そのスタイルは、ハイフェッツという人が聞き手のことなどは殆ど斟酌することなく、おそらくは自分の楽しみのためだけに演奏している雰囲気が漂うのです。

ハイフェッツという人は60年間にわたって第一線で活躍し続けた人でした。
そう言う演奏家としての人生を支えたのは、驚くほどまでにストイックに自分を律し、コントロールしてきた「勁さ」でした。
ですから、この一連の演奏には、そう言うハイフェッツというヴァイオリニストが持っていた「勁さ」がそのまま刻み込まれているのす。
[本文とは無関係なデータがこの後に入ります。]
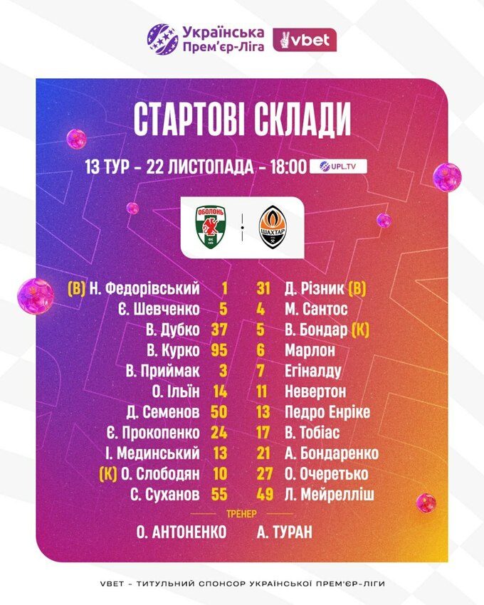 Головні тренери «Оболоні» та донецького «Шахтаря» – Олександр Антоненко та Арда Туран – визначилися зі стартовими складами на матч 13-го туру УПЛ.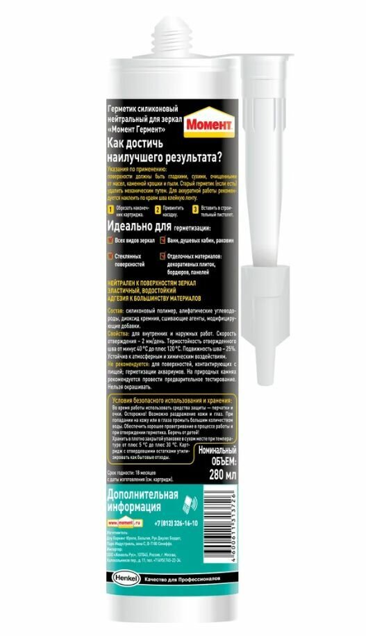 | Подробная комплектация | Герметик силиконовый нейтральный для зеркал Момент Гермент прозрачный 280 мл. |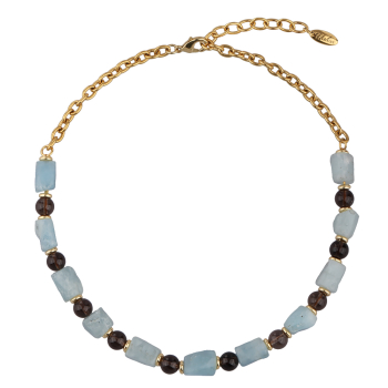 Изготовлено из ювелирного сплава на основе латуни с гальваническим покрытием золотом. Изделие украшают аквамарин и раухтопаз диаметром 8мм. Длина 45см. Замок-карабин с удлинителем 5см.

ですから、それは多くの聞き手が期待するような心地よさとは真逆のものであり、それ故にその超辛口の音楽は多くの聞き手から敬して遠ざけられてしまったのは仕方のないことでした。
ただし、その超辛口な語り口が半端なく上手いのです。

こういう五重奏とか六重奏というのは、常設の室内楽演奏の団体を母体として、そこに不足のパートをプラスして演奏されるのが普通です。
それをハイフェッツやピアティゴルスキーやプリムローズという「超」がつくほどの大物ソリストを軸に演奏するのですから、それはもう唖然とするほどの切れ味なのです。

そして、その「上手さ」はよく訓練された室内楽の団体から感じ取れる上手さ、所謂「緊密極まるアンサンブル」というようなレベルでの上手さではなくて、躍動するような音楽が艶やかな響きでもって明晰に語られていく生命力として感じ取れる類のものなのです。
こういう演奏は今となっては殆ど聞くことのできなくなった演奏だと言い切らねばならないのが悲しいことです。

そう思えば、こういう贅沢な顔ぶれで継続的に室内楽作品を、それも決してメジャーとも言えないような作品も含めて録音できた60年代というのはいい時代だったと言えます。